相关矩阵的求解的一些优化心得 - TBY's Blog

相关矩阵的求解的一些优化心得

TBY posted @ 2013年1月07日 16:00 in Haskell with tags Haskell , 776 阅读

问题如下,有 [tex]n \times m [/tex]Matrix, where [tex] n > 10^4 [/tex] , [tex] m[/tex] ~ [tex]100[/tex],以Row-major order 存储于内存中,需要求 相关矩阵 [tex]M_{cor}[/tex]。由于相关矩阵是对称的,所以只需要求上半个矩阵,共 [tex]p = \frac{(n-1)n}{2}[/tex]次相关系数求解。求解计算本身很简单无外乎:

  for(int i=0;i<r;i++)
    for(int j=i+1;j<r;j++)
    {
      double r = correlation(row(i),row(j));
    }

 

现在想并发该计算,考虑cache locality,最理想的并发方式无疑是顺序产生如下[(i,j)序列:
(0,1),(0,2),(0,3) ... (1,2),(1,3) ... (2,3),(2,4) ...

然后再以如下方式并发(以4核为例):

 

// thread 1 :
for (int idx = 0; idx < (n-1)*n/2; idx=idx+4) {
   (i,j) = calc(idx);
   double r1 = correlation(row(i),row(j));
}

// thread 2 :
for (int idx = 1; idx < (n-1)*n/2; idx=idx+4) {
   (i,j) = calc(idx);
   double r2 = correlation(row(i),row(j));
}

// thread 3 :
for (int idx = 2; idx < (n-1)*n/2; idx=idx+4) {
   (i,j) = calc(idx);
   double r3 = correlation(row(i),row(j));
}

// thread 4 :
for (int idx = 3; idx < (n-1)*n/2; idx=idx+4) {
   (i,j) = calc(p);
   double r4 = correlation(row(i),row(j));
}

好了,所以重点在于如何以并不高的代价解出那个calc函数。
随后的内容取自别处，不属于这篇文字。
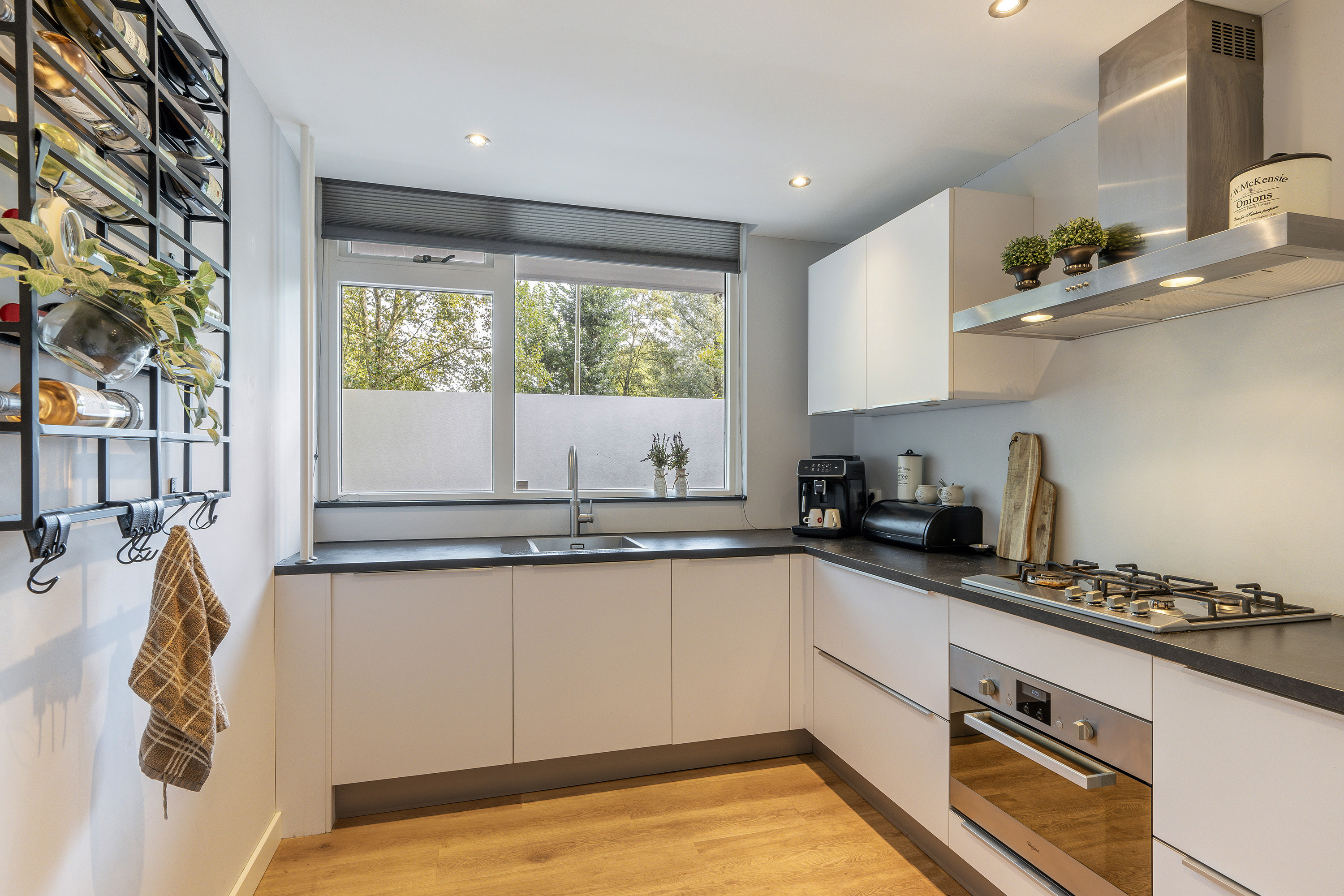 Entree, hal met meterkast. Videofoon-installatie. Moderne luxe keuken voorzien van een Quooker, gaskookplaat, rvs afzuigkap, combi magnetron, koelkast/vriesladen, vaatwasser, veel kastruimten en een plafond met inbouw ledverlichting. Inbouwkast met opstelling wasmachine/droger. Royale woonkamer/eetkamer van totaal ca. 46m2. Door het verwijderen van de tussenwanden is een heerlijke leefruimte ontstaan. Gang naar de praktische bergkast met 120L boiler. Luxe badkamer voorzien van een inloopdouche, dubbele wastafelmeubel, halogeen verlichting. Separaat modern vrij hangend toilet met hand wasbakje. Slaapkamer van ca. 10m2 voorzien van een airco gelegen aan de balkonzijde Hoofdslaapkamer van ca. 13m2, slaapkamer van ca. 10m2 gelegen aan de galerijzijde.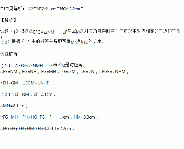 (2)若EF=2.1 cm,FH=1.1 cm,MH=3.3 cm,求MN和HG的长.

想了一下,直接要 idx -> (i,j) 不太容易,先反过来如何从(i,j) -> idx,草稿纸推了下(我小学数学老师要哭了,推了蛮长时间),idx满足以下等式:

[tex] idx = \frac{n\times(n-1)-(n-i-1)\times(n-i)}{2}+j-i-1=\frac{2\times i\times n-i^2-3i+2j-2}{2} [/tex]
这个关系蛮容易验证的:
#include <stdio.h>
int main(int argc, char *argv[])
{
  int n = 10;
  int i,j;
  int idx = 0; 
  for(i=0;i<n;i++)
    for(j=i+1;j<n;j++)
    {
      int p = (n*(n-1) - (n-1-i)*(n-i))/2 + j - i - 1;
      int q = (2 * i * n - i * i - 3 * i + 2 * j - 2) / 2;
      printf("%d  %d  %d\n",p,q,idx);
      ++idx;
    }
  return 0;
}
有了上述关系式子以后,可以发现,事实上,原先要求解的calc可以用一个整形规划来描述:
[tex]idx =  \frac{2\times i\times n - i^2 -3i +2j-2}{2}[/tex],subject to :
[tex]0 \le i < n, i < j < n, 0 \le idx < \frac{(n-1)n}{2}[/tex],其中i,j,n,idx皆为整数。
 
这里当然不可能用通用的整形规划相关的库(比如glpk),去解这种小儿科问题。看看有无其他办法。下面代码直接都上Haskell了,C之类太繁琐,写一小段代码都得撸半天。由关系式可以得到一个判别式:
testIdx :: Int -> Int -> Int -> Bool
testIdx i j idx = (2*i*n-i*i-3*i+2*j-2) == idx * 2
所以可以穷举所有i、j的可能值来求得idx:
f1 :: Int -> Int -> (Int,Int)
f1 n idx = head [(i,j) | i <- [0..n-2], 
                         j <- [i+1..n-1],
                         testIdx i j idx]
当然,这是个很笨的办法,当 n > 1000时已经很慢了。进一步优化需要利用那些约束,由于(i,j)都属于上三角阵的元素,所以很自然的想法就是去 缓存 那些 边界条件 (其实求解整形规划问题也就是这路子),在这里就是对角线上那一排(i,j)对应的idx值。这个比较容易,因为那些点还有个隐含关系:[tex]j = i + 1[/tex]。
f2 :: Int -> Int -> (Int,Int)
f2 n idx = -- quot开销比div更小, Haskell中的div比quot多额外的检查项,这里都是正整数运算无此必要
  let i = getI idx
      j = getJ i idx
  in (i,j)
  where
    getJ :: Int -> Int -> Int
    getJ i p = (2*p+i*i+3*i-2*i*n+2) `quot` 2
    getI :: Int -> Int
    getI ix = length (takeWhile (<= ix) ps0) - 1
    ps0 :: [Int] -- 上对角元素对应的idx值
    ps0 = map (\i -> (2*i*n-i*i-i) `quot` 2) [0..n-2]
上面f2在n=100时,比f1快了4.5倍,但还是不够高效,因为每次求解还是要重新计算ps0,所以很自然的想法就是再把ps0拉出来缓存。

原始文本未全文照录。